The tool currently contains a single preset with slices that allow decoding the first 25 frames of the sample MPEG2 Big Buck Bunny video. More presets can be added from the data dumped with libva-dump. v4l2-request-test usage is displayed when the tool is called with the -h argument.

Examples

Examples of v4l2-request-test use include:

Decoding frames at 25 fps in a loop, with information:

./v4l2-request-test -f 25 -l

Decoding frames as fast as possible in a loop:

./v4l2-request-test -ql

Specifying the right nodes when another V4L2 driver is loaded:

./v4l2-request-test -v /dev/video1 -m /dev/media1

Current Development

From March to August 2018, the development of both the Cedrus V4L2 kernel driver and the Cedrus libVA backend was undertaken by:

Paul Kocialkowski, intern at Bootlin
Maxime Ripard, engineer at Bootlin

This effort was funded by the related crowdfunding started by Bootlin in February 2018.

2019.03 Release

A second release of Cedrus was packed in March 2019, following up on numerous interface changes and new platforms support.

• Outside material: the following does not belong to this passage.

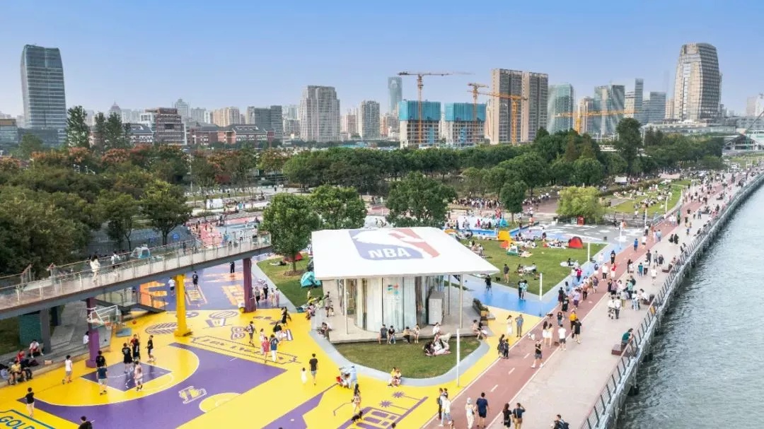 主题形象升级、空间优化改造后的滑板公园,总面积4800平方米,由NBA主题篮球场、NBA艺术主题下沉滑板广场两个区域组成。

The source code for the required components of the release are available on Bootlin's GitHub space, with the release-2019.03 tag:

2018.07 Release

A first release of Cedrus was presented in July 2018, with an associated blog post on the Bootlin blog.

The source code for the required components of the release are available on Bootlin's GitHub space, with the release-2018.07 tag:

A root filesystem tarball built from the LibreELEC release, which includes Kodi and libva-v4l2-request, is also available (with a checksum and a detached GPG signature):

LibreELEC-cedrus-release-2018.07.tar.gz, (LibreELEC-cedrus-release-2018.07.tar.gz.sha512sum, LibreELEC-cedrus-release-2018.07.tar.gz.asc)

The root filesystem includes neither boot software nor kernel support: both have to be installed in addition to extracting the filesystem on the target medium. Instructions to build the kernel are available at: #Linux

Known Limitations

Some limitations in the software present in the release are known and listed as follows:

Decoding H264 videos (especially in high resolutions) may consume more memory than there is available in the dedicated pool. This is because Kodi does not yet interact properly with VAAPI when freeing buffers. The result is that Kodi will hang or display a fully black video.

Weekly Reports

Reports on the advancement of the development of Sunxi-Cedrus are posted regularly on the Bootlin Blog, starting week 10 of 2018:

Community

The community revolving around Sunxi-Cedrus can be contacted through different means:

The linux-sunxi mailing list, with the developers involved in carbon copy
The #cedrus channel on the freenode IRC network

Past Development

Initial work on the Sunxi-Cedrus V4l2 kernel driver and libVA backend was carried out by Florent Revest (kido) during an internship at Bootlin (formerly Free Electrons), resulting in a proof-of-concept driver and associated backend with MPEG2 and partial MPEG4 support for the A13 SoC.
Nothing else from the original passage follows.